By Matt Lakin, Oak Ridge National Laboratory
When the U.S. Department of Energy presses the start button on the world’s first generation of exascale supercomputers, scientists won’t want to wait to take full advantage of the unprecedented power behind the screens. The inaugural pair of machines, Aurora at Argonne National Laboratory in Chicago, and Frontier at Oak Ridge National Laboratory (ORNL) in Tennessee are set to run at speeds that top 1.5 exaflops apiece.
For the scorekeepers, that’s 1.5 quintillion (1018) calculations per second, or 15 million times the average power of the human brain and its 100 billion neurons. Summit, the world’s #2 supercomputing champion at ORNL, clocks in at 200 petaflops—200×1015 calculations per second, or 200 quadrillion. Frontier and Aurora promise to run nearly eight times faster.
That scale of processing power could help resolve fundamental questions of modern science, from designing cleaner-burning combustion engines to identifying new treatments for cancer. More than 50 teams of researchers will be waiting to test out applications aimed at tackling such questions. Making the most of exascale’s power means building a software stack that exploits every advancement in parallel computing and heterogeneous architecture to leave no FLOP behind, said Doug Kothe, director of the DOE’s Exascale Computing Project (ECP).
“We’re building what I expect to be the tools of the trade for decades to come, and they need to be ready to go on Day One,” Kothe said. “At the base of this whole pyramid is the software stack. One node on the exascale system will be the same or greater power as the highest-grade consumer processor. These nodes are going to be complicated beasts, and they’re going to be very challenging to program efficiently. But if we don’t find a way to do that, we’re going to leave a lot of computing power on the floor, and that’s not acceptable.”

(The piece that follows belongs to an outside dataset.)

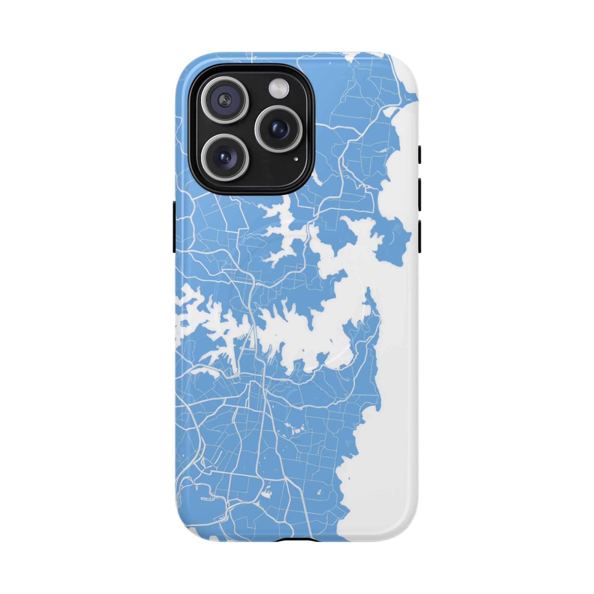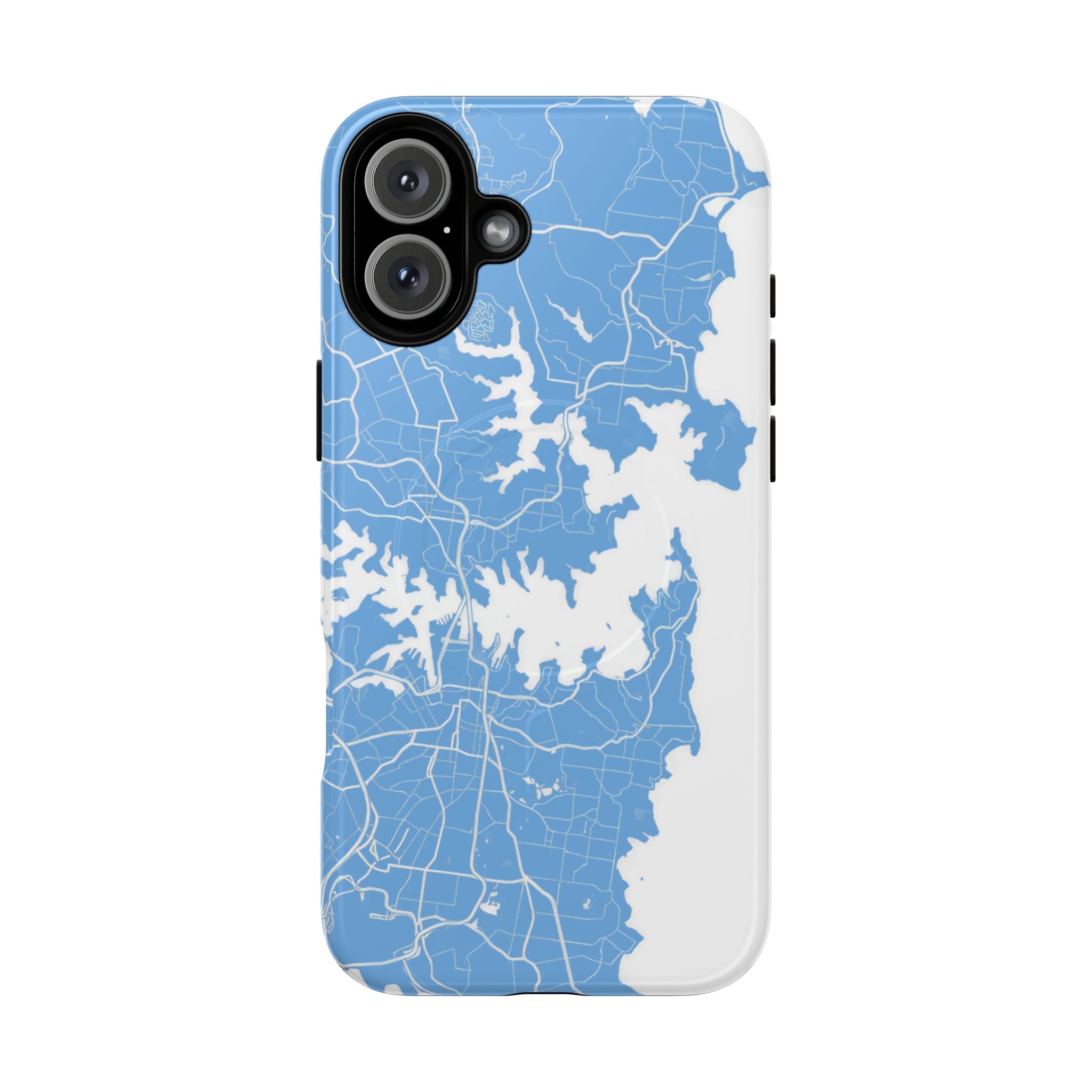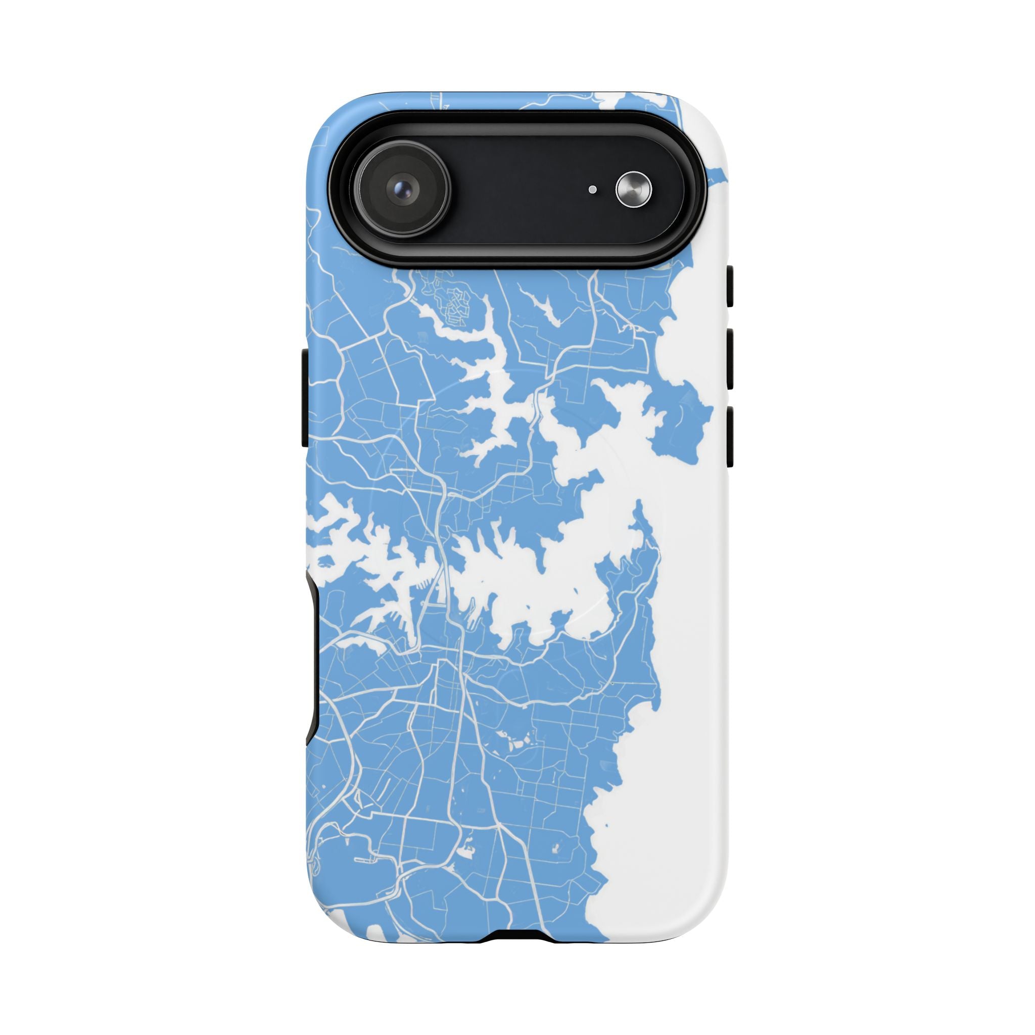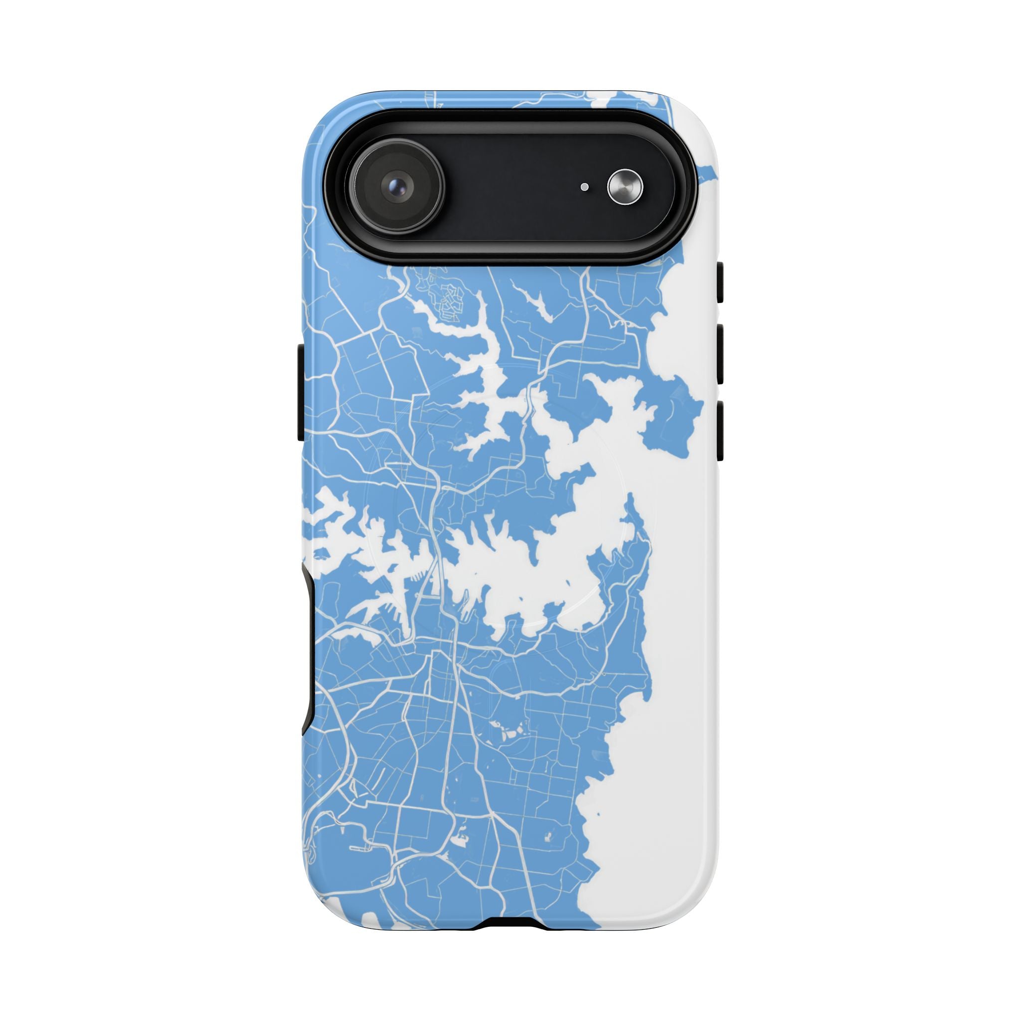 An embedded magnetic ring supports MagSafe® compatibility, allowing effortless attachment of chargers and magnetic accessories. Available in matte or glossy premium finishes, the Sydney Street Map Phone Case – Harbour Edition (Light Blue) blends dependable durability with a fresh, coastal aesthetic designed for everyday carry.

Software engineers and computer scientists with the ECP have spent the past five years laboring to build a pyramid that will support exascale’s full processing power—part of a twin effort as the DOE’s Exascale Computing Project works to make the massive leaps in computing speed.
Unlike the average developer, these teams don’t have the luxury of testing out approaches on a finished product with trial audiences over time.
“The more traditional approach would be to build every application and install them one at a time,” said Mike Heroux, a senior scientist at Sandia National Laboratories and director of software technology for the ECP. “We want to be able to take this software and install it as the operating system on any device from a laptop to the largest supercomputer and have it up and running immediately. This is a first-of-its-kind effort, because if it were available before, we would have done it before.
“A lot of this hardware and software is all brand new, and it takes a lot of time to just debug something. Not only does the software need to run quickly, it needs to run smoothly, and it needs to run consistently across all platforms. It’s like writing software for both iPhone and Android while the phones are still in production.”
Achieving those levels of speed and consistency requires rethinking the classical software architecture of processing and memory. To run efficiently at exascale speed, the new supercomputing giants will need to balance parallel operations running on parallel processors at an unprecedented scale.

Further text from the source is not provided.